For the record... The only difference between 2.6.13-1.1622_FC5 and 2.6.13-1.1623_FC5 was that the latter had CONFIG_CC_OPTIMIZE_FOR_SIZE=y. The -git patches were not being applied because the %patch2 command was commented out. This unfortunately makes it both easy and difficult to fix the problem :-/
Yes, indeed. I rebuilt 1.1629 with actually applying git7 (this has optimize set to N) and system booted but after working for two minutes it froze. So, there is something still wrong in the git patch. I now building again with only the posix-thread patches applied from git tree to see if they are the ones causing the problem.
Ok. adding all of the posix/thread related patches from git upto this time builds and runs fine. I have been running for an hour without problems.

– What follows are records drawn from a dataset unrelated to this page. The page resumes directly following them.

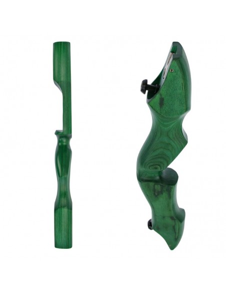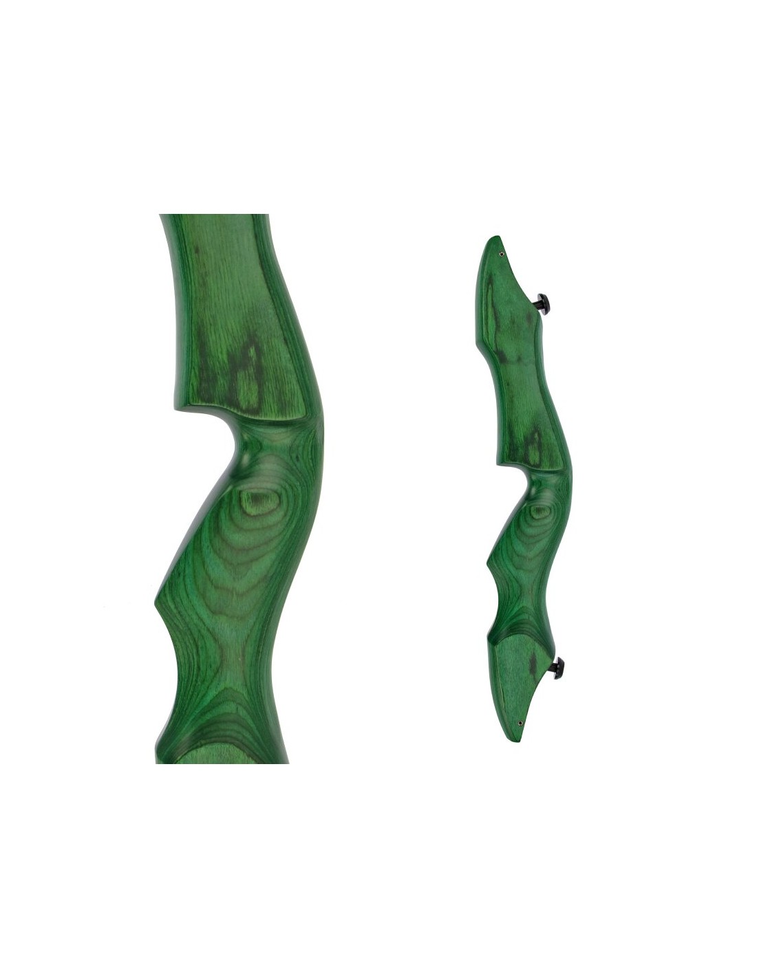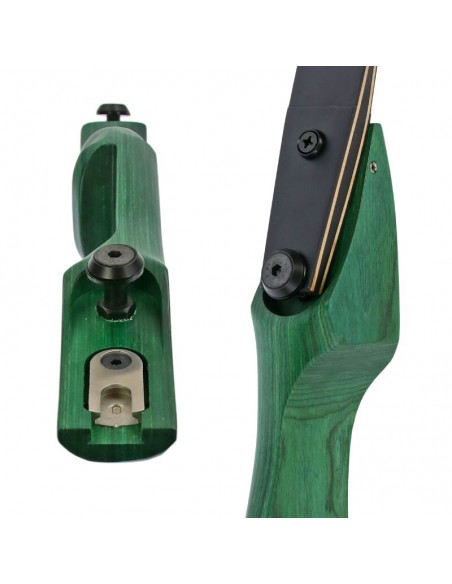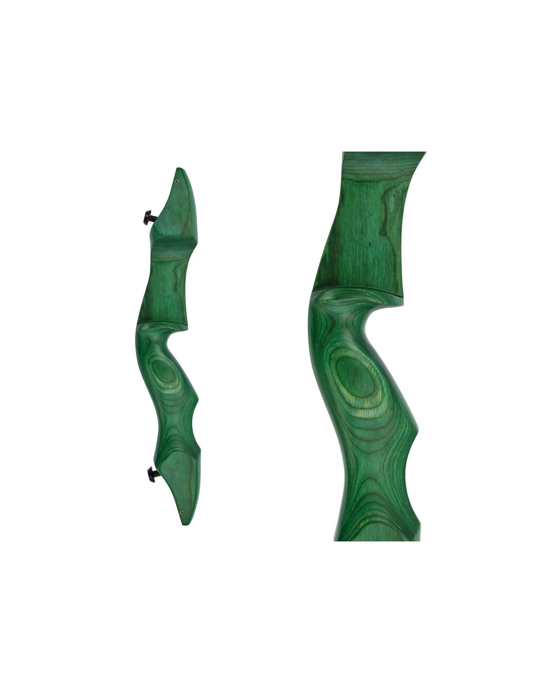 Non esiste un arco ricurvo tradizionale con sistema ILF? - C'è! Ed è quello di JACKALOPE Archery! Con il riser Malachite del 2019, JACKALOPE amplia la sua vasta gamma di prodotti con un altro riser moderno dal look tradizionale. L'innovativo Dymondwood, un composto altamente stabile di diversi strati di legno e resina epossidica, assorbe le vibrazioni in modo estremamente efficiente. Il riser Malachite è attraente semplicemente per il suo emozionante design dai toni verdi intensi, che assomiglia molto al minerale malachite. Questo lo distingue chiaramente dagli altri archi tradizionali.
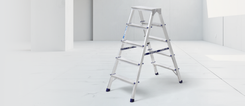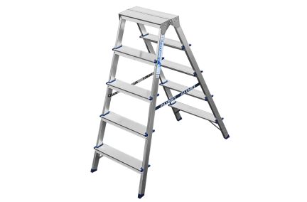 Стремянка алюминиевая двухсторонняя представляет собой свободностоящую переносную лестницу, сужающуюся к верху, имеющую две стороны для подъема на высоту.
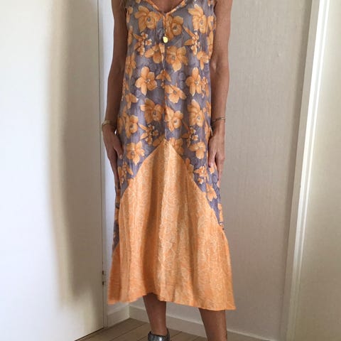 Kjolen er lavet af genanvendte sarier. Alle sarier er håndplukkede af Sissel Edelbo, og er, før de blev re-designet, blevet båret af en indisk kvinde. Kvindens og sariens historie viser sig i de unikke mønstre og små karakteristika. Ved at bære denne smukke kjole fra Sissel Edelbo fortæller du historien videre.
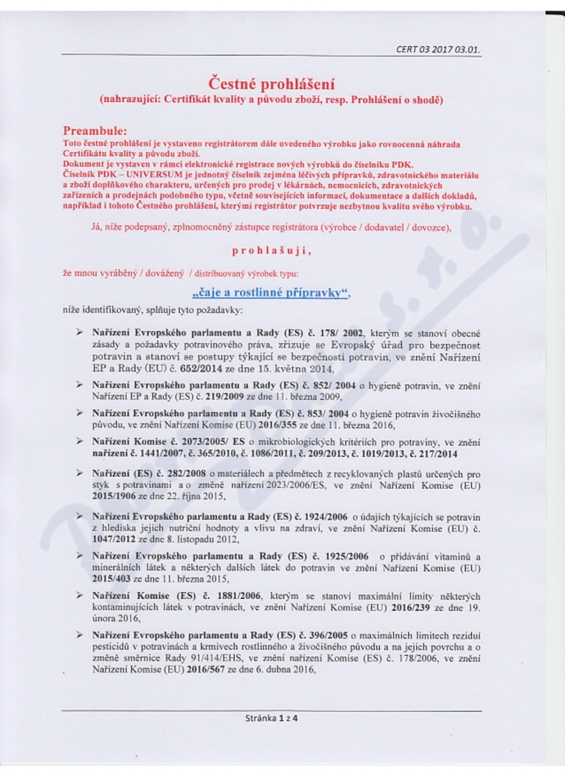 4 strany čestného prohlášení: strana 1, strana 2, strana 3, strana 4,
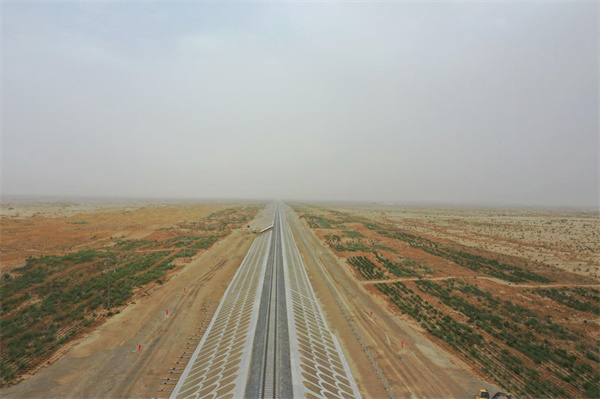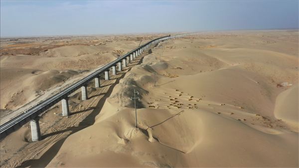 和若鐵路為國家重點鐵路建設(shè)項目,線路全長825.476公里,2018年12月開工建設(shè),連通南疆和田地區(qū)和田市與巴音郭楞蒙古自治州若羌縣。完成鋪軌的和若鐵路與現(xiàn)有格庫鐵路、喀和鐵路、南疆鐵路連通,環(huán)繞塔克拉瑪干沙漠一周,構(gòu)成世界首條環(huán)沙漠鐵路線。
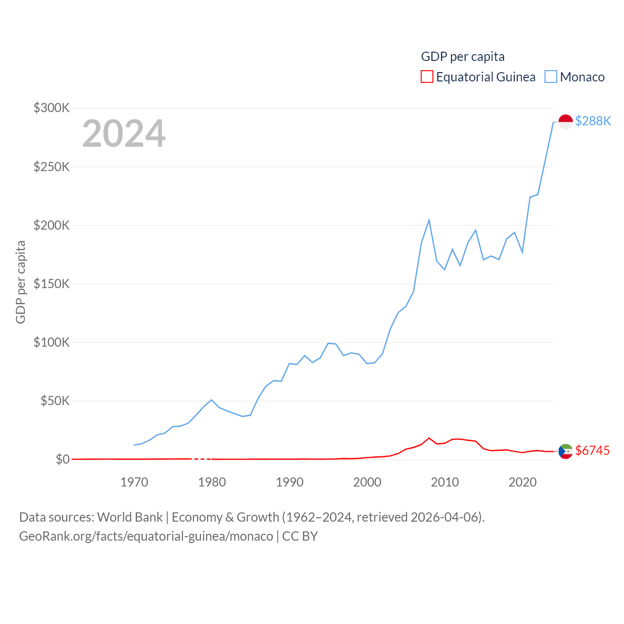 By GDP, Equatorial Guinea ranks 148/197 ($12.8B) and Monaco ranks 152/197 ($11.1B). By GDP per capita, Equatorial Guinea ranks 106/197 ($6,745), while Monaco ranks 1/197 ($288,001).
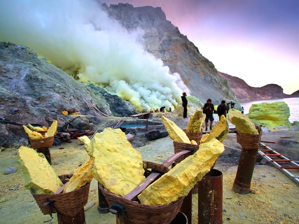 But do you know why most people flock to this stratovolcano complex? To get a glimpse of the dazzling electric blue flame located at Kawah Ijen, or the Ijen Crater. This mesmerizing spectacle can often be seen streaming down the mountain at night. The blue fire is actually light from the combustion of sulfuric gases that emerge from cracks in the volcano at high pressure and temperature. When they come in contact with the air, they ignite, sending flames up to 5 meters high.
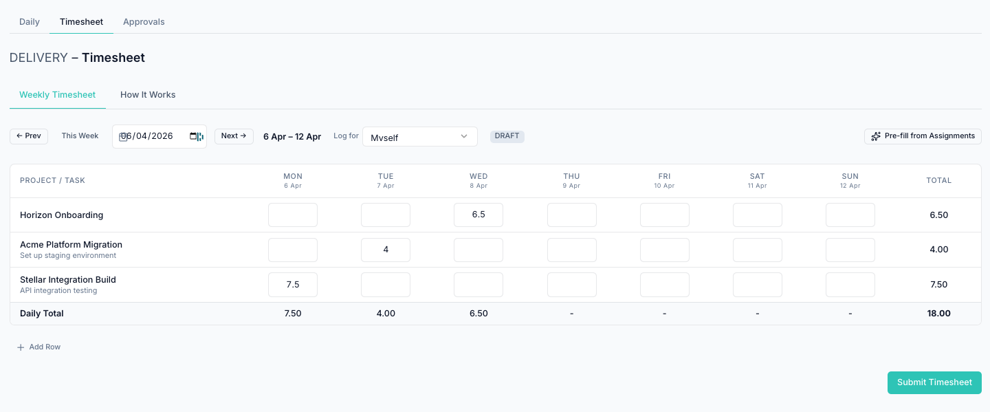 * AI-powered Time Tracking: Accurately capture employee time for projects, clients, and internal work through intelligent, AI-enabled timesheets. Reduce manual effort and eliminate missed billable or payroll hours.
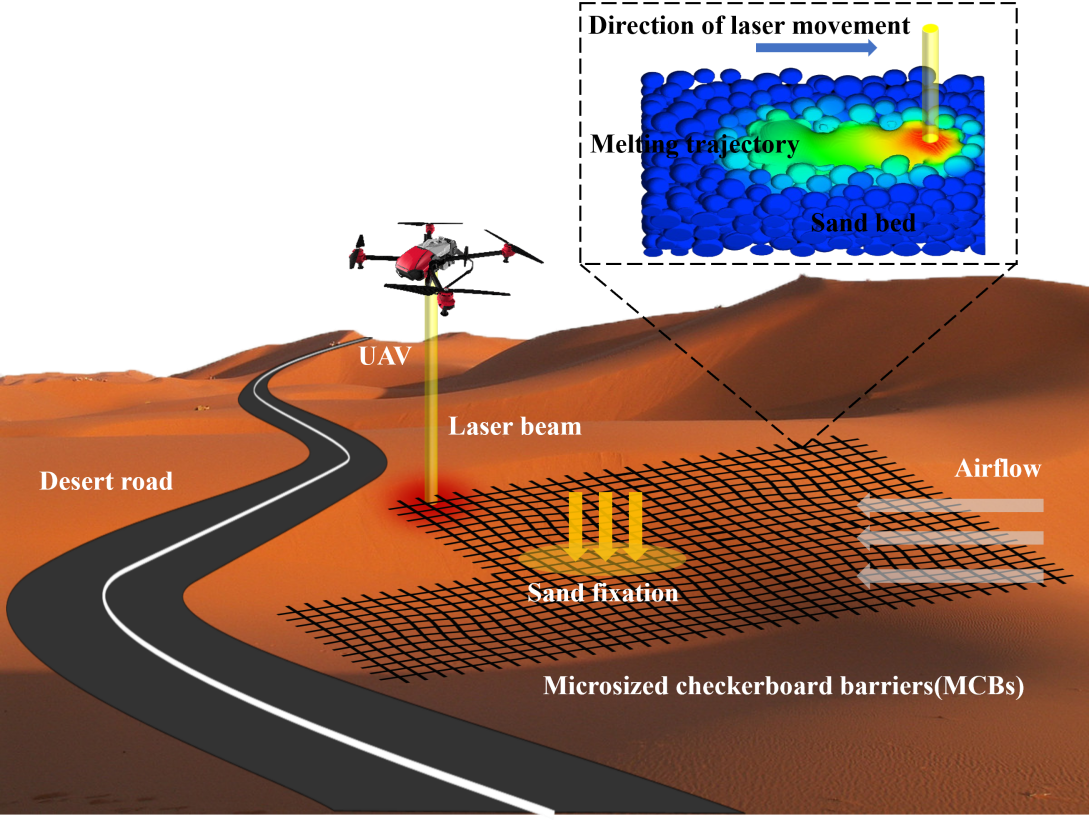 当传统草方格固沙还在依赖人工铺设、异地取材、耗时耗力时,一项融合低空经济与先进制造技术的创新方案横空出世。91porn 蔡小兵教授团队提出的无人机激光固沙技术,通过北斗导航精准定位,让无人机携带激光设备在沙漠表面烧蚀形成毫米级网格(MCBs),无需人工、仅耗电力即可实现全自动化固沙,相关成果发表于国际机械类顶级期刊《增材制造》(《Additive Manufacturing》),获得国际同行高度认可。

this should be fixed in 1629
*** Bug 171632 has been marked as a duplicate of this bug. ***
It is fixed, indeed, as in, the problem no longer occurs. Until someone decides to turn -Os on again. I know I've seen this very same failure before, so I figured I'd track it down. So I built the entire kernel with -Os and it failed. Then I rebuilt only arch/x86_64/lib/bitops.o with -O2 and it would work fine. Then I compared the code of this file, compiled with -Os and -O2, and the only significant difference was that with -O2 find_first_zero_bit() would be inlined into find_next_zero_bit(). So I rename find_first_zero_bit to __find_first_zero_bit, make it always_inline, create a new find_first_zero_bit that just calls the always_inline function, and get find_next_zero_bit to call the always_inline function. At that point, the code in both object files is equivalent, so it should all work, righ? Well, it still doesn't, and I'm totally confused as to why. (As for how to get the kernel to not recompile everything when I change from -O2 to -Os or vice-versa, I commented out the addition of -O2 and -Os in the top-level Makefile, created `compile.Os' and `compile.O2' scripts that run CC with the corresponding option appended to the command line, then set up a soft-link to point to one of the other, and run `make bzImage CC=/that/soft/link'. :-) May I suggest that we keep this bug open such that we can eventually switch to an -Os kernel on amd64?
Is this perhaps a gcc problem, just triggered by the kernel? Just wondering...
Created attachment 120544 [details] Patch that enables a kernel optimized for size to work Nope, just the usual bug in asm statements that different compiler optimizations often expose. The patch file contains a long explanation of the bug and the various minor changes I made while fixing it.
Fixed upstream, and in rawhide for a while.